**Exercise input**
+++
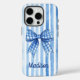 Coques Case-Mate iPhone Coquette bleu rayé arc toile monogramme
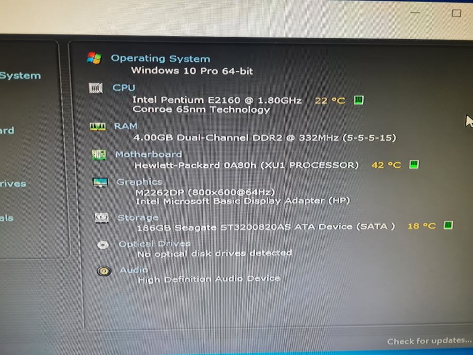 Ispravan PC. Instaliran novi Windows 10 Pro. Intel Pentium E2160 1.80Hz, 4GB RAM,180GB HDD. Dolazi sa naponskim i VGA kablom. Moguća zamjena za mobitel/laptop/PS3. Cijena 50€.
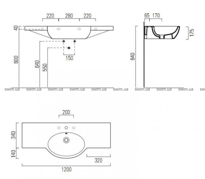 1 отверстие под смеситель (предусмотрены три отверстия)
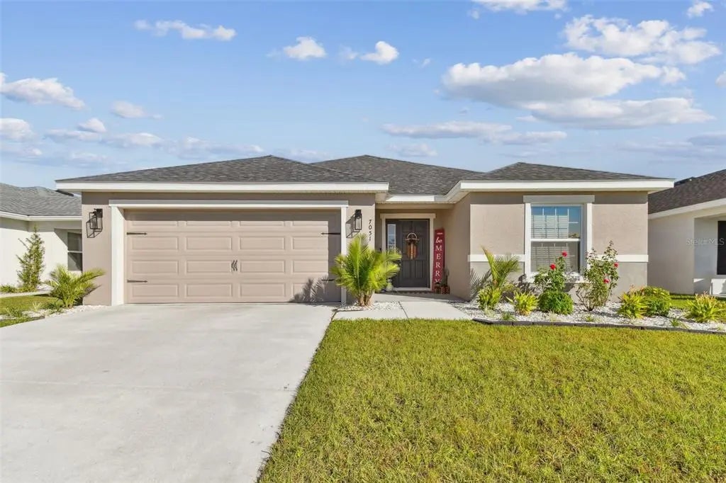 Why wait to build when your dream home is ready now? Step into the perfect balance of style, comfort, and functionality in this beautifully designed one-story home. With 4 spacious bedrooms and 2 baths, this home offers a modern layout that’s perfect for relaxing, entertaining, and everything in between. The open-concept living area flows seamlessly from the dining café to the gathering room, creating a warm, inviting space for friends and family. At the heart of it all is the show-stopping gourmet kitchen, where rich espresso cabinetry, sleek Samsung stainless steel appliances, and a large walk-in pantry combine to make cooking a breeze. The oversized island doubles as a workspace and casual dining hub—perfect for meal prep, morning coffee, or hosting happy hour. Durable vinyl plank flooring brings a touch of elegance to the living areas, laundry room, and baths, while the cozy bedrooms are built for comfort. The owner’s suite is your private escape, featuring a walk-in closet and a spa-like en-suite bath complete with dual vanities, a tiled shower, and a closeted toilet for added privacy. Step outside to the serene covered lanai, epoxy flooring, the ideal spot for morning coffee or evening gatherings. The private, enclosed vinyl fence ensures peace and quiet while you enjoy your outdoor space. Additional features include a 2-car garage, custom-fit window blinds, and energy-efficient insulation and windows to keep your home comfortable all year round. Whether you're hosting lively get-togethers or savoring peaceful moments, this home is designed to elevate your lifestyle. NEW Water Heater (2025). Don't miss the chance to make it yours!
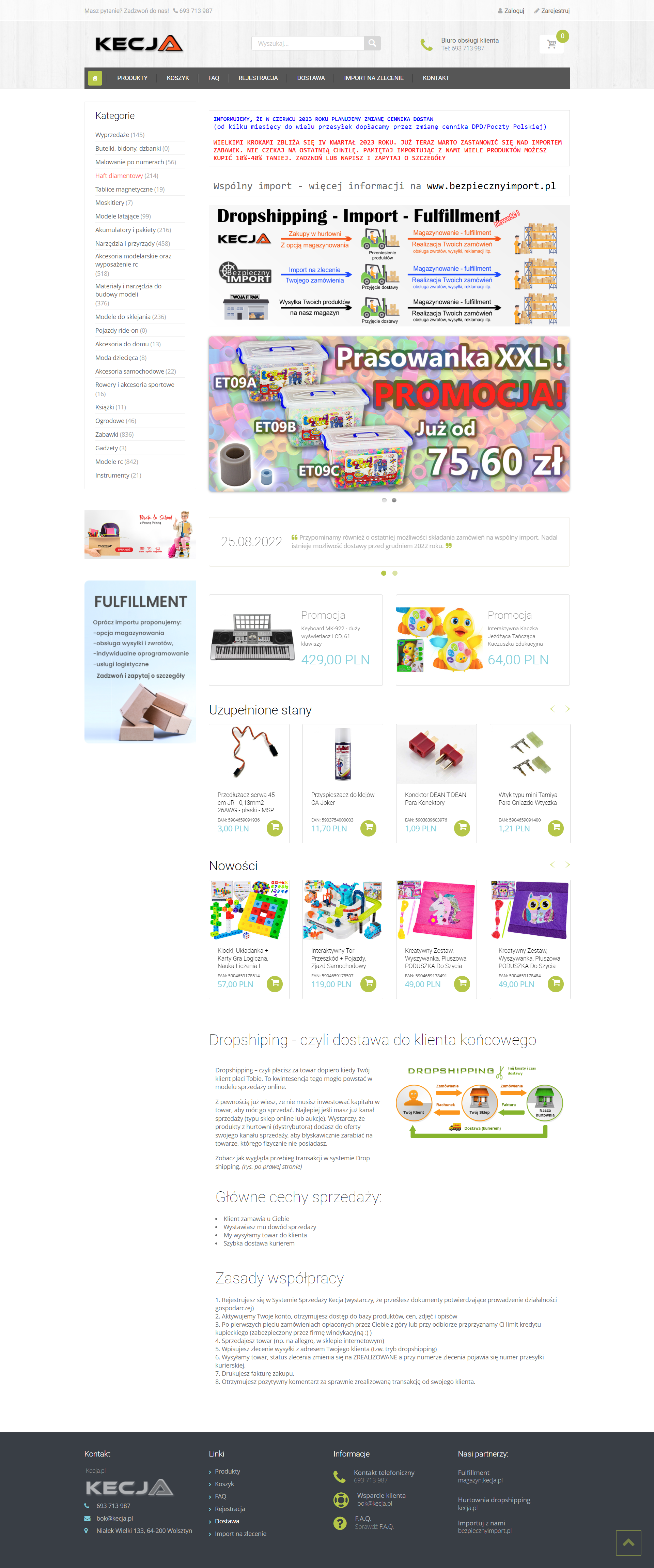 Kecja to dynamiczna hurtownia zabawek, oferująca różnorodne produkty takie jak helikoptery zdalnie sterowane, modele rc, gry, narzędzia do budowy modeli, odzież, akcesoria do domu i wiele innych. Nasza oferta stale się poszerza, a codziennie dokładnie aktualizujemy stany magazynowe, aby zapewnić naszym klientom najnowsze i najbardziej atrakcyjne produkty. Jako hurtownia zabawek, dbamy o różnorodność asortymentu, aby sprostać oczekiwaniom zarówno dzieci, jak i dorosłych. Oferujemy także produkty z kategorii rc, narzędzi do modelowania oraz praktyczne akcesoria do domu. Zapraszamy do współpracy wszystkich zainteresowanych sklepów, przedsiębiorców oraz klientów detalicznych. Nasza firma zawsze stawia na świeżość oferty i konkurencyjne ceny. Z Kecją każda współpraca to szansa na dostęp do innowacyjnych produktów i zaspokojenie różnorodnych potrzeb naszych klientów.
+++
**Work instruction**
From the first line of the entries above down to the line holding "1 отверстие под", quote each line exactly and nothing else, skipping pictures.

**Response area**
 Coques Case-Mate iPhone Coquette bleu rayé arc toile monogramme
 Ispravan PC. Instaliran novi Windows 10 Pro. Intel Pentium E2160 1.80Hz, 4GB RAM,180GB HDD. Dolazi sa naponskim i VGA kablom. Moguća zamjena za mobitel/laptop/PS3. Cijena 50€.
 1 отверстие под смеситель (предусмотрены три отверстия)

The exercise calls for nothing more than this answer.